The Context: A Long Road to Speculative Decoding
To understand why this message exists, we must first understand the broader mission. The assistant and user are deploying Kimi-K2.5 INT4, a 1-trillion parameter Mixture-of-Experts language model, across 8 NVIDIA RTX PRO 6000 Blackwell Server Edition GPUs (SM120 architecture, compute capability 12.0). These are brand-new GPUs—so new, in fact, that much of the software ecosystem does not yet support them properly.

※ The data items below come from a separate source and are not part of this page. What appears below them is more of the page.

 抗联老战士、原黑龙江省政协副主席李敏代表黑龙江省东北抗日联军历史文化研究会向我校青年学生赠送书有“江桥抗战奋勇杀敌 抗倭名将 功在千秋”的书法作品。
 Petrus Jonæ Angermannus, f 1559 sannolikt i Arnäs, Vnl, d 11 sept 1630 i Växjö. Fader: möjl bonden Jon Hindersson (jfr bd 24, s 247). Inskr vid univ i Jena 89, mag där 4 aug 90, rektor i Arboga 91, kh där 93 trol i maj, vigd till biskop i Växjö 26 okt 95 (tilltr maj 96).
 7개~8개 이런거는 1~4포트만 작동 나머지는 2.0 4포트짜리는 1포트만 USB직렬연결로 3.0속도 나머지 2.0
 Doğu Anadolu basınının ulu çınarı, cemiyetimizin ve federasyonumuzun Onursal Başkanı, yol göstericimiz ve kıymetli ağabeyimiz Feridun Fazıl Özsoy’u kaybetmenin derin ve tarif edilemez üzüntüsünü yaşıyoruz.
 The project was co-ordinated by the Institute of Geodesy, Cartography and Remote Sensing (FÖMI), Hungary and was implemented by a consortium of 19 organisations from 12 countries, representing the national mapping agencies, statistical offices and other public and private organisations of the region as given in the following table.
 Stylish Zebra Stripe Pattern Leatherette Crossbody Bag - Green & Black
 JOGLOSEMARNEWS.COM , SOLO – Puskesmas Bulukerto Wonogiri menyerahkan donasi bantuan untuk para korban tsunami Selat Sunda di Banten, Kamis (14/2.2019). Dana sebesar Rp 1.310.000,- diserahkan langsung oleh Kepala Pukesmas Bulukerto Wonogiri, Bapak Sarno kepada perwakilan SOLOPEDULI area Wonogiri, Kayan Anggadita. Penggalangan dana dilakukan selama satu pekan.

The core challenge is throughput. The model is enormous (547 GB on disk, 64 safetensors shards), and the GPUs communicate only over PCIe Gen5 (no NVLink). Profiling revealed that AllReduce operations consume 51.5% of decode time—a fundamental PCIe bottleneck. The team's strategy to overcome this is EAGLE-3 speculative decoding, a technique where a small draft model generates multiple candidate tokens in parallel, and the large verifier model accepts or rejects them in a single forward pass. If the acceptance rate is high enough (60-80%), throughput can nearly double.

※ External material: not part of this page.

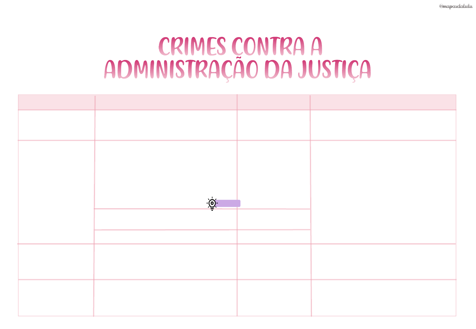 TIPO PENAL CONDUTA PENA OBSERVAÇÕES IMPORTANTES Reingresso de estrangeiro expulso Reingresso no território nacional de estrangeiro expulso Sem prejuízo de nova expulsão, após o cumprimento da pena Denunciação caluniosa Dar causa à instauração de: inquérito policial, de procedimento investigatório criminal, de processo judicial, de processo administrativo disciplinar, de inquérito civil ou de ação de improbidade administrativa contra alguém, imputando-lhe crime, infração ético-disciplinar ou ato ímprobo de que o sabe inocente É crime material O agente quer prejudicar a vítima. O crime efetivamente ocorreu. Comunicação falsa de crime ou contravenção Provocar a ação de autoridade, comunicando-lhe a ocorrência de crime ou de contravenção que sabe não se ter verificado Acusar-se, perante a autoridade, de crime inexistente ou praticado por outrem Autoacusação falsa de crime Reclusão (1 a 4 anos) Reclusão (2 a 8 anos) e multa Detenção (1 a 6 meses) ou multa O crime não ocorreu. A comunicação perante autoridades militares não configura este crime. Detenção (3 meses a 2 anos) ou multa Se o agente se serve de anonimato ou de nome suposto Aumentada de 1/6 Se a imputação é de contravenção Diminuída de metade )Exige que o procedimento seja instaurado( Não pratica crime quem assume sozinho a prática de crime do qual participou. O objeto não pode ser contravenção penal NOVIDADE! crimes contra a administração da justiça TIPO PENAL CONDUTA PENA OBSERVAÇÕES IMPORTANTES Falso testemunho ou falsa perícia Fazer afirmação falsa ou negar/calar a verdade como: Deixa de ser punível se, antes da sentença no processo em que ocorreu o ilícito, o agente se retrata ou declara a verdade. É crime próprio É crime de mão própria. Falso testemunho: só cabe participação. Falsa perícia: cabe coautoria e participação )Só pelas pessoas citadas( Aumentada de 1/6 a 1/3 Corrupção ativa de testemunha, contador, perito, intérprete ou tradutor Prometer, oferecer ou dar dinheiro ou qualquer outra vantagem a: Reclusão (3 a 4 anos) e multa Exige o dolo específico. Crime formal Coação no curso do processo Usar de violência/grave ameaça para favorecer interesse público ou alheio contra: Reclusão (1 a 4 anos) e multa + pena da violência Exige o dolo específico. Se consuma quando a coação é exercida Se mediante suborno ou para obter prova destinada a produzir efeito em: Reclusão (2 a 4 anos) e multa • Testemunha • Tradutor • Perito • Contador • Processo judicial ou administrativoEm: • Intérprete • Inquérito policial • Juízo arbitral • Processo penal • Processo civil em que for parte a Administração Pública Direta ou Indireta • Testemunha • Tradutor• Perito • Contador • Intérprete Para fazer afirmação falsa/negar/calar a verdade Se para obter prova para produzir efeito em processo penal ou processo civil em que for parte a Administração Pública Aumentada de 1/6 a 1/3 • Outro que intervenha• Autoridade • Parte • Processo judicial ou administrativoEm: • Inquérito policial • Juízo arbitral + Não importa se a vítima cede à exigência ou se sente ameaçada( ) crimes contra a administração da justiça TIPO PENAL CONDUTA PENA OBSERVAÇÕES IMPORTANTES Exercício arbitrário das próprias razões Fazer justiça com as próprias mãos para satisfazer pretensão, embora legítima, salvo quando a lei o permita Detenção (15 dias a 1 mês) ou multa + pena da violência Se não há emprego de violência, só se procede mediante queixa. É fundamental que a pretensão seja legítima Fraude processual Inovar artificiosamente estado de lugar, coisa ou pessoa para induzir a erro o juiz ou perito em processo civil/administrativo Favorecimento pessoal Auxiliar a subtrair-se à ação de autoridade pública autor de crime a que é cominada pena de reclusão Detenção (1 a 6 meses) e multa Se não é cominada pena de reclusão Detenção (15 dias a 3 meses) e multa Favorecimento real Se o agente que presta o auxílio também participou do crime não há favorecimento pessoal. O auxílio deve ter sido eficaz Prestar ao criminoso auxílio destinado a tornar seguro o proveito do crime, fora dos casos de coautoria ou receptação Detenção (1 a 6 meses) e multa Exercício arbitrário ou abuso de poder Ordenar ou executar medida privativa de liberdade individual, sem as formalidades legais ou com abuso de poder Detenção (3 meses a 2 anos) e multa Isento de pena Detenção (1 mês a 1 ano) + Se em processo penal Em dobro Se quem presta auxílio é ascendente, descendente, cônjuge ou irmão do criminoso Se o agente que presta o auxílio também participou do crime não há favorecimento real. Se o agente adquire o proveito do crime, responde por receptação. É crime formal crimes contra a administração da justiça TIPO PENAL CONDUTA PENA OBSERVAÇÕES IMPORTANTES Fuga de pessoa presa ou submetida a medida de segurança Promover/facilitar a fuga de pessoa legalmente presa ou submetida a medida de segurança detentiva Detenção (6 meses a 2 anos) Somente por funcionário público Se praticado à mão armada, ou por mais de uma pessoa, ou mediante arrombamento Evasão mediante violência contra a pessoa Em caso de culpa do funcionário público incumbido da custódia ou guarda Detenção (3 meses a 1 ano) ou multa Evadir-se (ou tentar) o preso/indivíduo submetido a medida de segurança detentiva usando de violência contra a pessoa Detenção (3 meses a 1 ano) + pena da violência Arrebatamento de preso Arrebatar preso do poder de quem o tenha a fim de maltratá-lo. Reclusão (1 a 4 anos) + pena da violência Motim de presos Amotinarem-se presos, perturbando a ordem ou disciplina da prisão Reclusão (2 a 6 anos) Detenção (6 meses a 2 anos) + pena da violência Se praticado por pessoa sob cuja custódia ou guarda está o preso/internado Reclusão (1 a 4 anos) Exige o dolo específico Se há emprego de

The team had already built a complete EAGLE-3 training pipeline: generated 10,000 synthetic training samples via Kimi-K2.5 inference, extracted 828 GB of hidden states, trained a custom draft model for 5 epochs, and attempted to integrate it with vLLM. That integration failed catastrophically—the acceptance rate was only ~15%, making speculative decoding 34% slower than baseline. The root cause was traced to bugs in vLLM's EAGLE-3 implementation for DeepSeek V3 / MLA architectures.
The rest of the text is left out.